▶ [Requirement]: Everything in the listing below must be reproduced exactly, apart from its images.

▶ [Provided data]:
[Start of section]
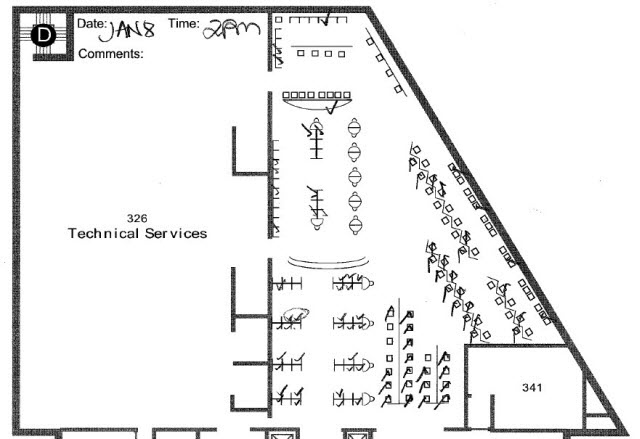 I updated our floor plans with the furniture layout so it was easy to mark where people were. For each sweep, stacks staff wrote in the date and time, made checkmarks where people sat, and circled the marks where people were actively working together. From that relatively small bit of data, I could then analyze the relative popularity of renovated spaces versus older spaces, silent spaces versus those that allowed quiet conversation, various kinds of furniture in the library, and window spaces versus interior spaces. I could see where and when people were doing group work. I could look at patterns over the course of the term or by time of day. By using detailed floor maps, if the data showed that particular seats were never used, I could follow up to find out why; were there problems with power outlets? Drafts? Excessive noise? Using detailed floor maps also made it easy for the staff gathering the data to keep track of which sections had been completed. The downside was that I had to keep the maps up to date when furniture was shifted.
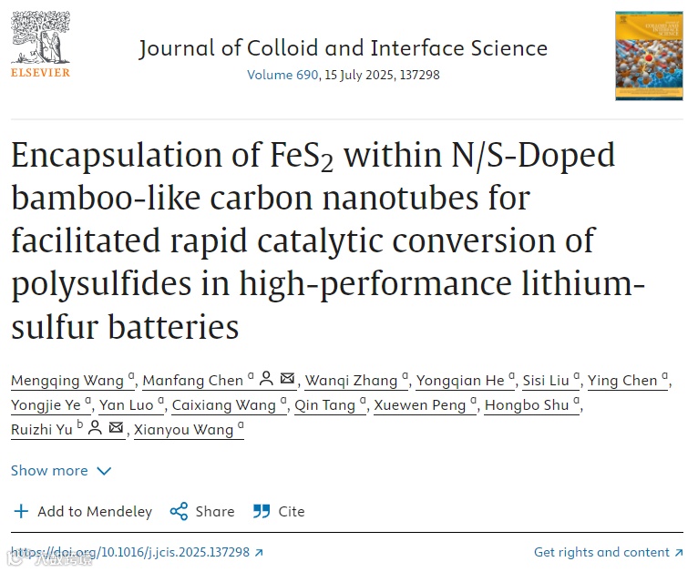 Encapsulation of FeS2 within N/S-Doped bamboo-like carbon nanotubes for facilitated rapid catalytic conversion of polysulfides in high-performance lithium-sulfur batteries, J. Colloid Interface Sci, 2025: 137298.
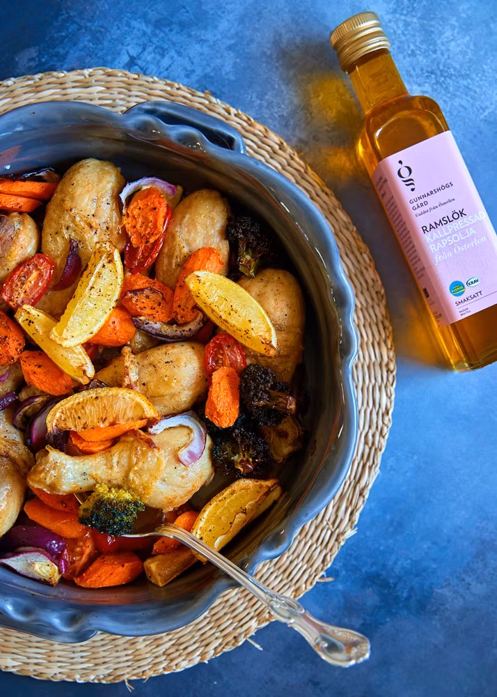 Svensk ramslök ger vår ekologiska ramslöksolja dess unika smak. Bladen får dra i kallpressad rapsolja tills den tar upp smaken av skogens vitlök. Oljan lyfter smaken på nystekt fågel och fisk. Oljan passar även bra i hummus och pesto istället för färsk vitlök. Våra smaksatta rapsoljor passar lika bra till varm som kall matlagning.
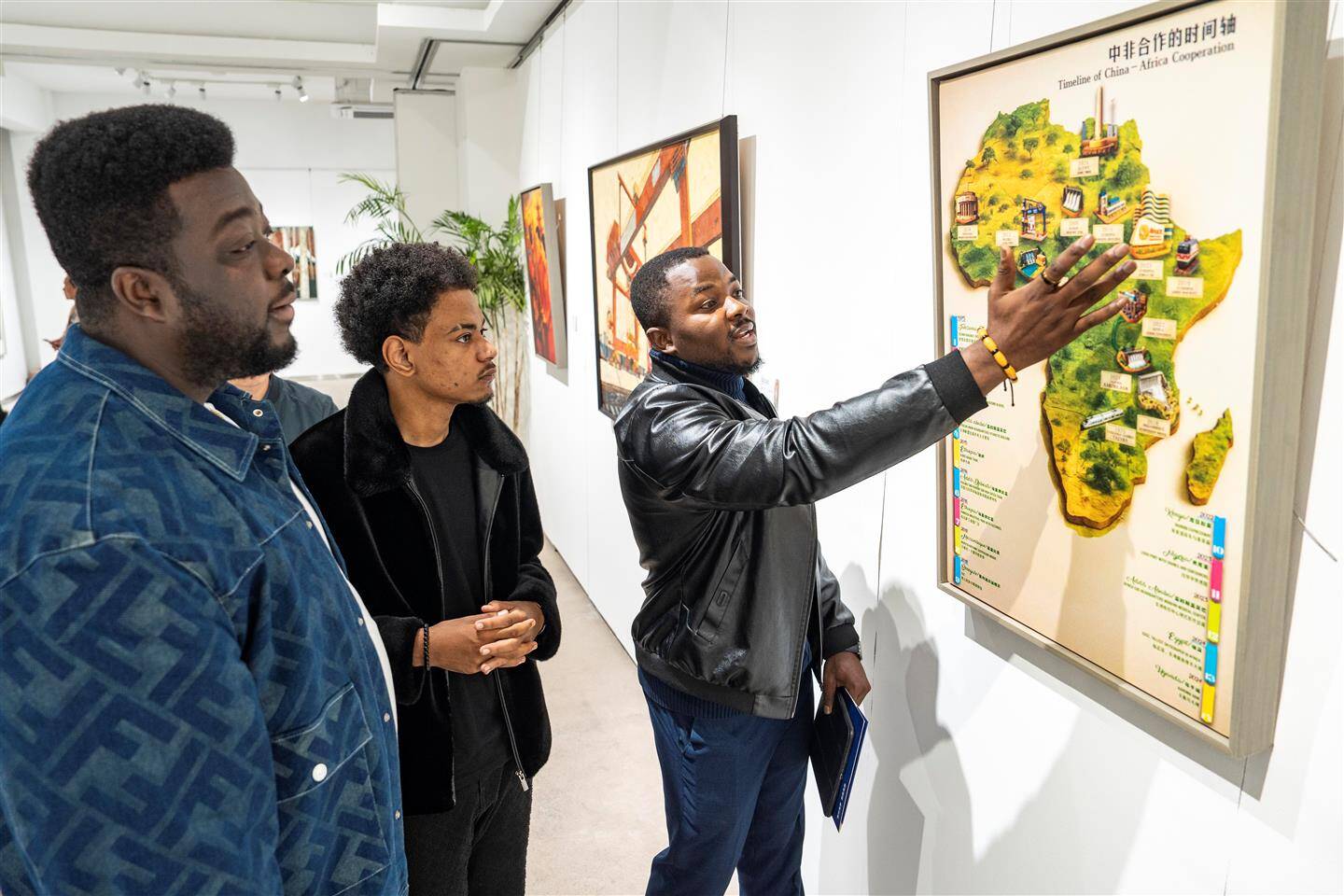 来自刚果(金)的留学生金瑞,已在中国生活学习了八年。此次他展出的数字艺术作品《时间轴》以非洲地图为基底,清晰标注了中非合作的标志性项目及时间节点,旨在展现中非友好合作的历史脉络与丰硕成果,传递出携手共进、命运与共的积极信号。金瑞说,希望以艺术作品为桥梁,增进中非人民之间的了解和友谊。
[End of section]
▶ [Answer box]:
 I updated our floor plans with the furniture layout so it was easy to mark where people were. For each sweep, stacks staff wrote in the date and time, made checkmarks where people sat, and circled the marks where people were actively working together. From that relatively small bit of data, I could then analyze the relative popularity of renovated spaces versus older spaces, silent spaces versus those that allowed quiet conversation, various kinds of furniture in the library, and window spaces versus interior spaces. I could see where and when people were doing group work. I could look at patterns over the course of the term or by time of day. By using detailed floor maps, if the data showed that particular seats were never used, I could follow up to find out why; were there problems with power outlets? Drafts? Excessive noise? Using detailed floor maps also made it easy for the staff gathering the data to keep track of which sections had been completed. The downside was that I had to keep the maps up to date when furniture was shifted.
 Encapsulation of FeS2 within N/S-Doped bamboo-like carbon nanotubes for facilitated rapid catalytic conversion of polysulfides in high-performance lithium-sulfur batteries, J. Colloid Interface Sci, 2025: 137298.
 Svensk ramslök ger vår ekologiska ramslöksolja dess unika smak. Bladen får dra i kallpressad rapsolja tills den tar upp smaken av skogens vitlök. Oljan lyfter smaken på nystekt fågel och fisk. Oljan passar även bra i hummus och pesto istället för färsk vitlök. Våra smaksatta rapsoljor passar lika bra till varm som kall matlagning.
 来自刚果(金)的留学生金瑞,已在中国生活学习了八年。此次他展出的数字艺术作品《时间轴》以非洲地图为基底,清晰标注了中非合作的标志性项目及时间节点,旨在展现中非友好合作的历史脉络与丰硕成果,传递出携手共进、命运与共的积极信号。金瑞说,希望以艺术作品为桥梁,增进中非人民之间的了解和友谊。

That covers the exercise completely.